Biochemistry
4 questionsWhich of the following statements about Niemann-Pick disease is false?
Which protein does the domain of plasminogen resemble?
Which of the following stimulates Acetyl CoA Carboxylase?
HDL is called good cholesterol because -
NEET-PG 2015 - Biochemistry NEET-PG Practice Questions and MCQs
Question 571: Which of the following statements about Niemann-Pick disease is false?
- A. Due to deficiency of sphingomyelinase.
- B. CNS symptoms are present in type A.
- C. Type B Niemann-Pick disease is characterized by severe neurological symptoms. (Correct Answer)
- D. Histiocytes show PAS positive inclusions, and Type A is more severe.
Explanation: ***Type B Niemann-Pick disease is characterized by severe neurological symptoms.*** - This statement is **false** because **Type B Niemann-Pick disease** generally presents with **visceral involvement** (e.g., hepatosplenomegaly, lung disease) with **minimal to no neurological symptoms**. - **Severe neurological symptoms** are characteristic of **Type A Niemann-Pick disease**, which involves widespread CNS degeneration and a more rapidly progressive course. *Due to deficiency of sphingomyelinase.* - This statement is **true**. - Niemann-Pick disease (Types A and B) is caused by a deficiency of the enzyme **acid sphingomyelinase**, leading to the accumulation of sphingomyelin within lysosomes, particularly in macrophages. *CNS symptoms are present in type A.* - This statement is **true**. - **Type A Niemann-Pick disease** is the most severe form and is characterized by significant **neurodegeneration** in addition to visceral involvement. - Patients typically present with **developmental regression**, **ataxia**, and **spasticity** due to extensive sphingomyelin deposition in the central nervous system. *Histiocytes show PAS positive inclusions, and Type A is more severe.* - This statement is **true**. - The characteristic "foam cells" (lipid-laden macrophages/histiocytes) found in tissues of Niemann-Pick patients stain positive with **periodic acid–Schiff (PAS)** due to accumulated sphingomyelin. - **Type A Niemann-Pick disease** is indeed the most severe form, with a rapidly progressive course and early fatality, usually by early childhood.

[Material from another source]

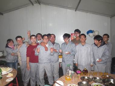 11月7日,連續(xù)下了兩天的小雨依然在下著,晚餐時山東公司煙臺萬華項目部所有項目管理人員聚集在項目部餐廳,為王強、吳顯偉、韓燕軍、欒喜兵、王永強五位年輕員工舉辦了一個簡單的集體生日會。

Question 572: Which protein does the domain of plasminogen resemble?
- A. Fibrinogen (a clotting protein)
- B. LDL receptor (a lipid metabolism protein)
- C. Apolipoprotein (a) (a lipoprotein) (Correct Answer)
- D. Prothrombin (a coagulation protein)
Explanation: ***Apolipoprotein (a) (a lipoprotein)*** - **Plasminogen** and **apolipoprotein (a)** share structural homology, specifically due to the presence of **kringle domains**. - This structural similarity suggests a potential for apolipoprotein (a) to **interfere with plasminogen’s fibrinolytic activity**, contributing to **atherosclerosis**. *Fibrinogen (a clotting protein)* - While plasmin acts on fibrinogen (and its derivative fibrin), its domain structure does not **resemble fibrinogen**. - **Fibrinogen** is a large, multi-domain glycoprotein crucial for **clot formation**, distinct from plasminogen's primarily **kringle-rich structure**. *LDL receptor (a lipid metabolism protein)* - The **LDL receptor** is involved in **cholesterol uptake** by cells and has structural features like ligand-binding repeats and epidermal growth factor (EGF) repeats. - Its domain structure is **not similar to plasminogen**, which is characterized by **kringle domains** and a protease domain. *Prothrombin (a coagulation protein)* - **Prothrombin** is a precursor to thrombin, featuring **gla domains**, kringle-like domains (though structurally distinct from plasminogen's), and a serine protease domain. - While both are involved in coagulation/fibrinolysis, their **overall domain arrangements and specific kringle structures differ** significantly.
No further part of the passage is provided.